The story of Hope for 100 out of Green Acres Baptist Church in Tyler, TX is a great inspiration to many. In January 2009, stirred by a deep sense of God’s heart for the fatherless, Hope for 100 set out to inspire and support one hundred families in the church to care for an orphan through adoption or foster care. (See a prior blog post on this vision). As of August, this goal was met. The resulting impact on the church and surrounding community has been considerable, as it has been for the children as well. Meanwhile, a number of other churches have taken the vision and applied it in similar efforts also.

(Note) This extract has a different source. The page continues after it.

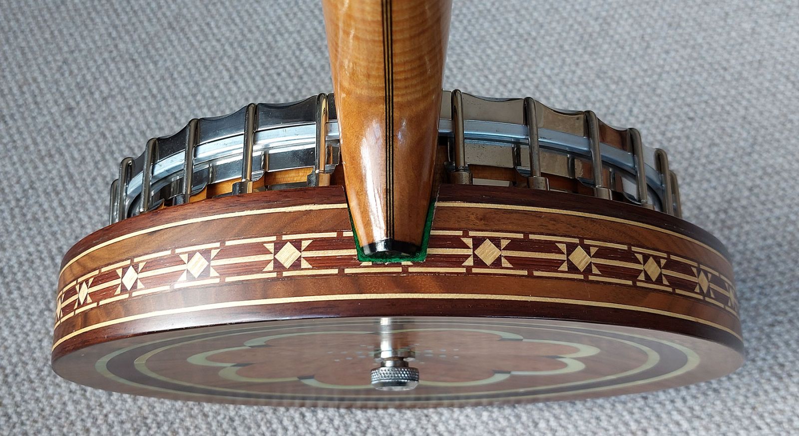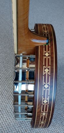 A quality built 19 fret tenor banjo using the best woods and reproduction Paragon banjo parts. The banjo was built in 2014 by Jim Patton using the exact build plans as Essex banjos in the 1930’s so every detail is as accurate as the original. The figured maple neck is multi-laminated both in the centre and under the fret board for strength and stability. Ebony fretboard with white side binding and fancy mother of pearl position markers. The ebony headstock is also identical to the original Mother of pearl design bearing the name of the owner Parajim (instead of Paragon). Jim Barcoe had plans to begin manufacturing these Paragon replica’s and had a total of 3 built, but sadly passed away in 2018. This banjo is with currently me which is on consignment from his son to sell on his behalf.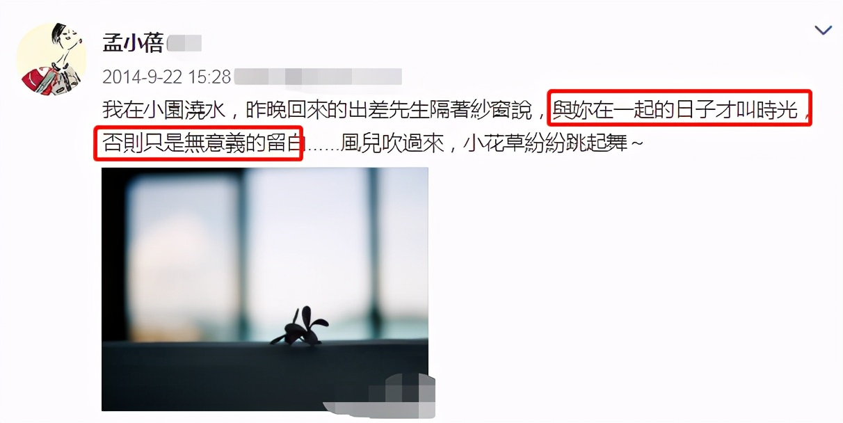 但孟小蓓从来不在社交平台上晒照,而是分享一些生活日常和感悟。她叫李健为“先生”,此前曾发文晒过李健对自己讲的情话,并用小花草跳舞来含蓄形容自己雀跃的心情,非常文艺。

With their initial goal fulfilled, Rocky Gil and the Hope for 100 team have felt called to a new undertaking. The new vision—centered on children in the foster system in their region—is thrilling in itself. But what touched me the most as I heard about it is the story of the couple that is stepping in to implement it. I asked if I could share the story of Tim and Trena Clark, and they gladly agreed. The following note from Tim is a bit longer than a typical blog post, but well worth the read…
My wife and I worked together as missionaries in Ireland from 1998 to 2007. I’m from England and my wife, Trena, is from Tyler TX. In 2005 we adopted our first child, a baby girl (Ashlin), while visiting family in Texas. This was our initiation into the drama of adoption with all its blessings and challenges.
In late 2007 we completed our mission work overseas and decided to come and settle in Tyler, TX. We both felt we wanted a break from “ministry” at least for a while.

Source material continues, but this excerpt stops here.